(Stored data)
::::::::::

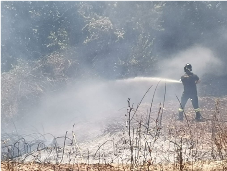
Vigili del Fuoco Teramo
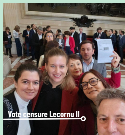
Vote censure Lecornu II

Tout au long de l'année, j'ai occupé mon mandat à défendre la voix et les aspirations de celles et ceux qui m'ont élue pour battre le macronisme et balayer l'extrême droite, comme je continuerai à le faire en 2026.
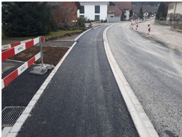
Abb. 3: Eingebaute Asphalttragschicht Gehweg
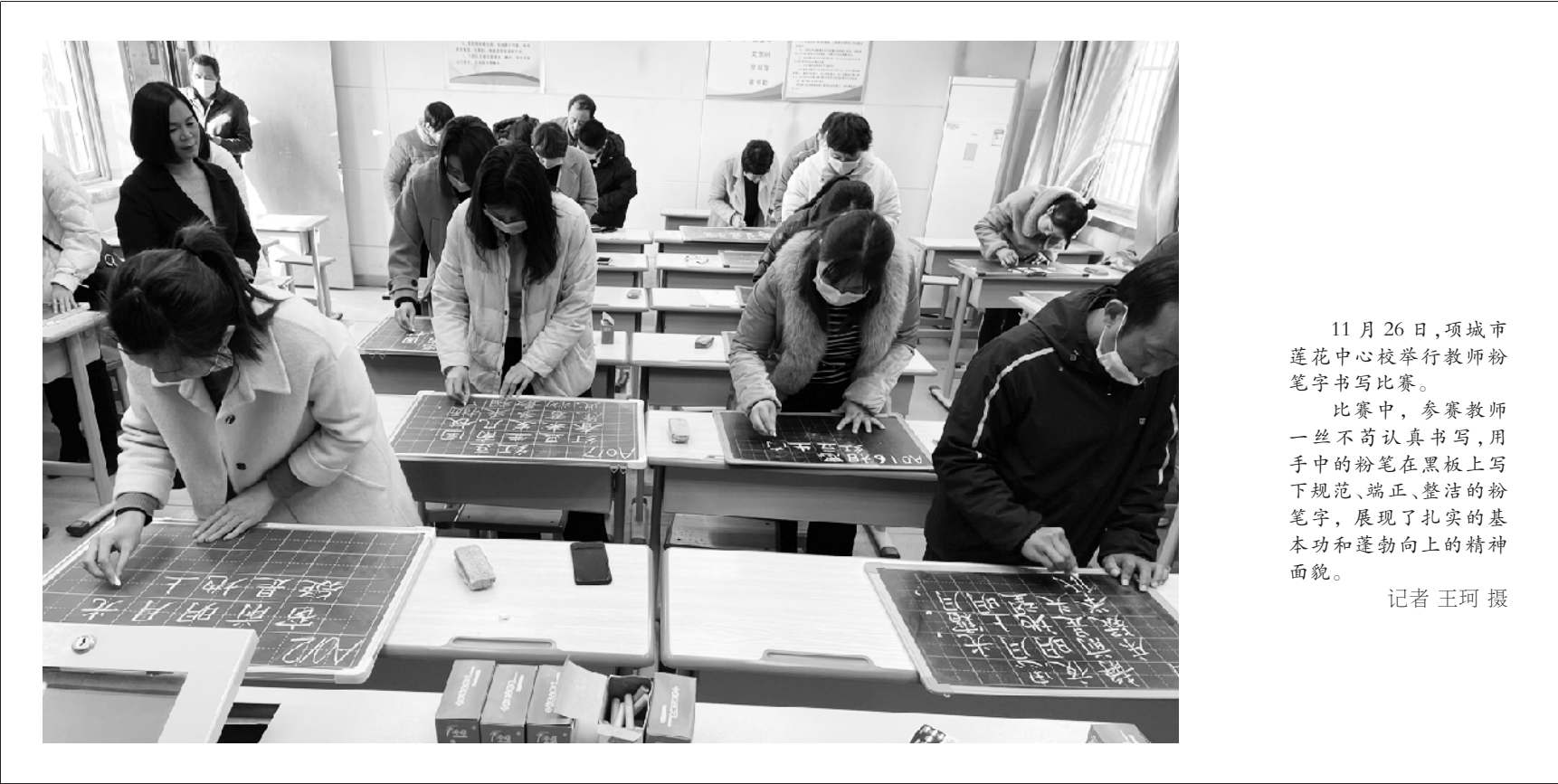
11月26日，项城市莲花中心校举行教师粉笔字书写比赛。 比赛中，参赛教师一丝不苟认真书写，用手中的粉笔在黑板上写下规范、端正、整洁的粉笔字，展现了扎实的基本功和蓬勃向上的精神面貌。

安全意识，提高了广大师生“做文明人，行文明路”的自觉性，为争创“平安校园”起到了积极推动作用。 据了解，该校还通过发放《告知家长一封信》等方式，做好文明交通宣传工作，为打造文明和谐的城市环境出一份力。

::::::::::

▶ Your instructions
Each record above needs to be retyped exactly, without any pictures.

▶ Solution
Vigili del Fuoco Teramo
Vote censure Lecornu II

Tout au long de l'année, j'ai occupé mon mandat à défendre la voix et les aspirations de celles et ceux qui m'ont élue pour battre le macronisme et balayer l'extrême droite, comme je continuerai à le faire en 2026.
Abb. 3: Eingebaute Asphalttragschicht Gehweg
11月26日，项城市莲花中心校举行教师粉笔字书写比赛。 比赛中，参赛教师一丝不苟认真书写，用手中的粉笔在黑板上写下规范、端正、整洁的粉笔字，展现了扎实的基本功和蓬勃向上的精神面貌。

安全意识，提高了广大师生“做文明人，行文明路”的自觉性，为争创“平安校园”起到了积极推动作用。 据了解，该校还通过发放《告知家长一封信》等方式，做好文明交通宣传工作，为打造文明和谐的城市环境出一份力。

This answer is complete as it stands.